As the weeks passed I started to notice my ICD moving a little. A few months passed and one day I was convinced that something was up with my device as I was getting pains around it. Feeling very nervous, we went to A&E. I got to see a Spanish doctor who gave me a thorough checking over and found nothing wrong. I was confused, but she said it could be muscular. I dismissed this as my shoulder injury was the opposite side. However, this occurred again some time later and it was only once I’d got back into going to the gym did it disappear. A physio later explained that it was likely due to atrophy of the muscles due to inactivity and that the device had a bit more room to move around in. Once I’d bulked the muscles back up to the previous level the pains went away.  So, if you ever get pains around your ICD and you’ve had reason for your muscles or body structure to change in any way don’t panic immediately.

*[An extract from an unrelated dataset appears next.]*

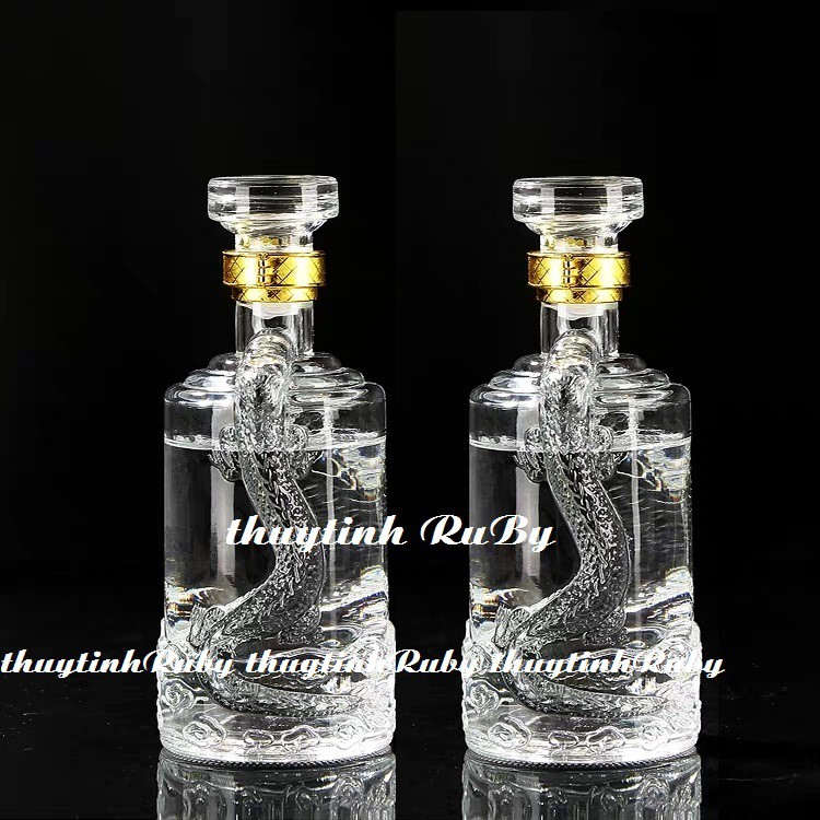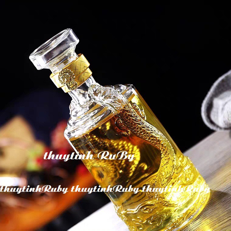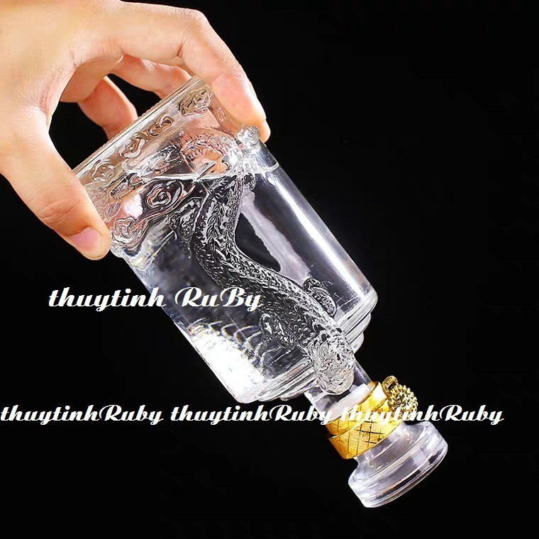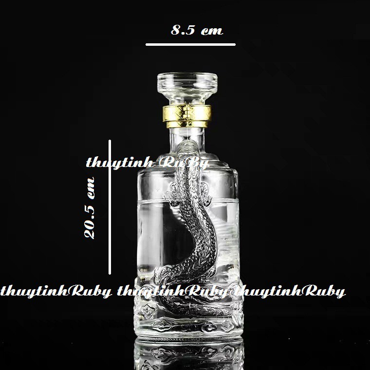 Chai Rượu Thủy Tinh XO Trụ Rồng 500ML, Vỏ Chai Rượu Kiểu, vỏ chai ngâm rượu, bình ngâm sâm kiểu dáng đẹp lạ, sang trọng.Dung tích: 500 lít

At my recent pacing check everything was looking good and I had plenty of battery life left, which is encouraging not only because it means the replacement will hopefully still some time off but also because it’s not actually doing very much. So, although there’s been a few ups and downs along the way, my tenure with an ICD has certainly not been too bad and it is always reassuring to have a backup with me all the time.

The invention of the ICD

The following post is largely taken from “The Development of Implantable Medical Devices at The Applied Physics Laboratory” By Robert E. Fischell.  It documents the history of a number important and common devices seen today including the ICD, which I’m sure many SCA survivors are familiar with but may not know the history of it’s development.

Dr. Mirowski’ s Invention

Shortly after the rechargeable pacemaker development work began at John Hopkins University Applied Physics Lab, Dr. Michel Mirowski, a cardiologist at the Johns Hopkins School of Medicine and the Sinai Hospital of Baltimore, conceived the Automatic Implantable Cardiac Defibrillator (AICD).

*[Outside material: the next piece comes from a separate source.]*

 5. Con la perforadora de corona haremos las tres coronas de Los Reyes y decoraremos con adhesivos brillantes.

The AICD was to be implanted just under the skin in the upper abdominal area of patients at risk for ventricular fibrillation, which is a rapid, uncoordinated contraction of heart fibres brought on by a severe disturbance of cardiac electrical actIvIty.

The Human Tissue Stimulator implanted under the skin in the chest with electrodes stimulating the brachial plexus nerves

Dr. Donlin M. Long (right) adjusting the electrical stimulation parameters for the first Human Tissue Stimulator patient

The shape of the AICD is similar to that of commonly used heart pacemakers, but its function is markedly different. About the size of a cigarette package, the implanted defibrillator is programmed to monitor the heart continuously, recognise life-threatening arrhythmias, and automatically deliver electric shocks through electrodes directly in contact with the heart to restore the normal rhythm.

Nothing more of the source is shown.